As there’s only one person over 47, the data returned doesn’t change.

$in/$nin

What about finding information based on a list of criteria? These first ones have been ok, but arguably, quite trivial. Let’s now look to see which of the people we have are either actors or developers. With the following query, we’ll find that out (to make it a bit easier to read, we’ve limited the keys that are returned to just first and last names):

			db.nettuts.find( { 'occupation' : { '$in' : [ "actor", "developer" ] } }, { "first" : 1, "last" : 1 } );
		

This query, yields the following output:

			{ "_id" : ObjectId("4ef224be0fec2806da6e9b27"), "first" : "matthew", "last" : "setter" }
			{ "_id" : ObjectId("4ef224bf0fec2806da6e9b28"), "first" : "james", "last" : "caan" }
			{ "_id" : ObjectId("4ef224bf0fec2806da6e9b29"), "first" : "arnold", "last" : "schwarzenegger" }
			{ "_id" : ObjectId("4ef224bf0fec2806da6e9b2a"), "first" : "tony", "last" : "curtis" }
			{ "_id" : ObjectId("4ef224bf0fec2806da6e9b2b"), "first" : "jamie lee", "last" : "curtis" }
			{ "_id" : ObjectId("4ef224bf0fec2806da6e9b2c"), "first" : "michael", "last" : "caine" }
		

You can see that we can get the inverse of this by using $ninjust as simply.

Let’s make this a bit more fun and combine some of the operators.
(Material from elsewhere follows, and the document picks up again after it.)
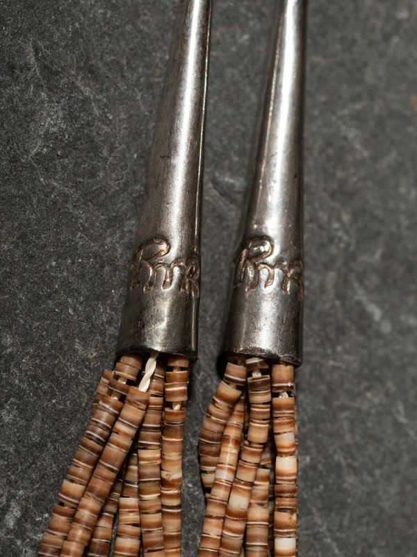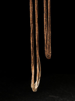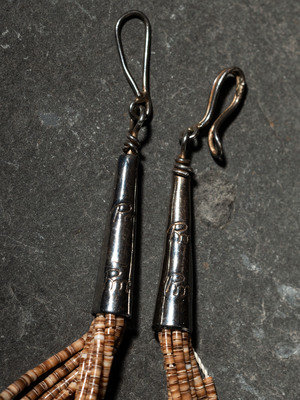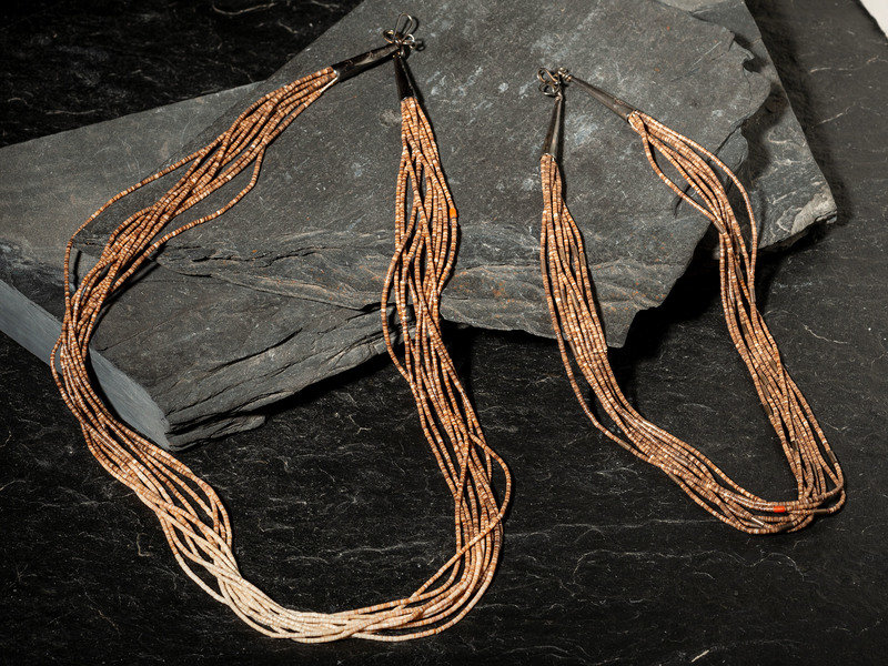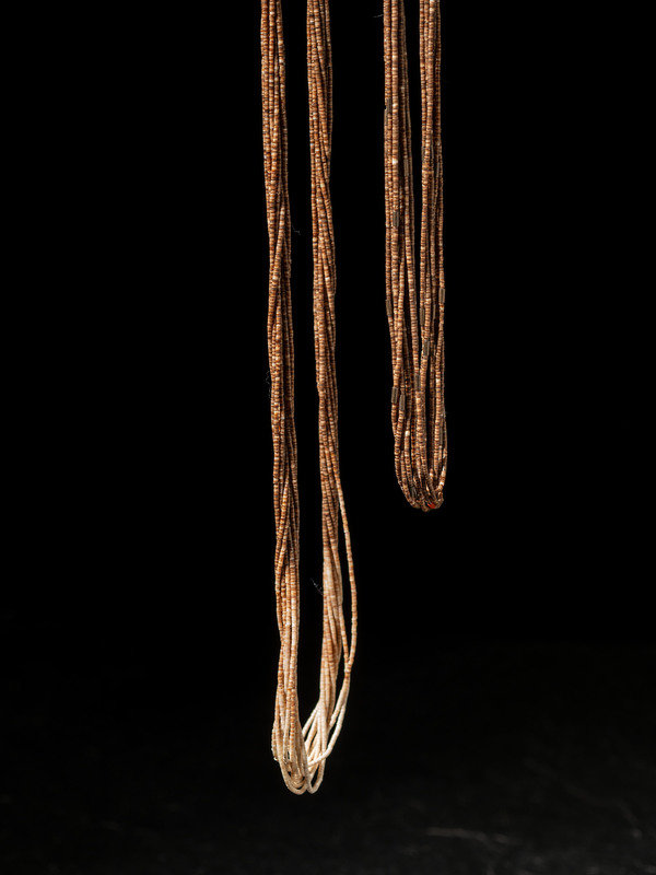 an eight-strand necklace, strung with brown heishi

Let’s say that we want to look for all the people, who are either male or developers, they’re less than 40 years of age.

Now that’s a bit of a mouthful, but with the operators that we’ve used so far – quite readily achievable. Let’s work through it and you’ll see. Have a look at the query below:

			db.nettuts.find( { $or : [ { "gender" : "m", "occupation" : "developer" } ], "age" : { "$gt" : 40 } }, { "first" : 1, "last" : 1, "occupation" : 1, "dob" : 1 } );
		

You can see that we’ve stipulated that the either the gender can be male or the occupation can be a developer in the $or condition and then added an and condition of the age being greater than 4.

For that, we get the following results:

			{ "_id" : ObjectId("4ef22e522893ba6797bf8cb6"), "first" : "matthew", "last" : "setter", "dob" : "21/04/1978", "occupation" : "developer" }
			{ "_id" : ObjectId("4ef22e522893ba6797bf8cb9"), "first" : "tony", "last" : "curtis", "dob" : "21/04/1978", "occupation" : "developer" }
		

Regular Expressions

Now I’m sure that you’re not going to be satisfied with just this. I did promise you some more complexity and advanced functionality. So let’s get in to using some regular expressions. Let’s say that we want to find the users that have a first name starting with ‘ma’ or ‘to’ and who’s last names begin with ‘se’ or ‘de’. How would we do that?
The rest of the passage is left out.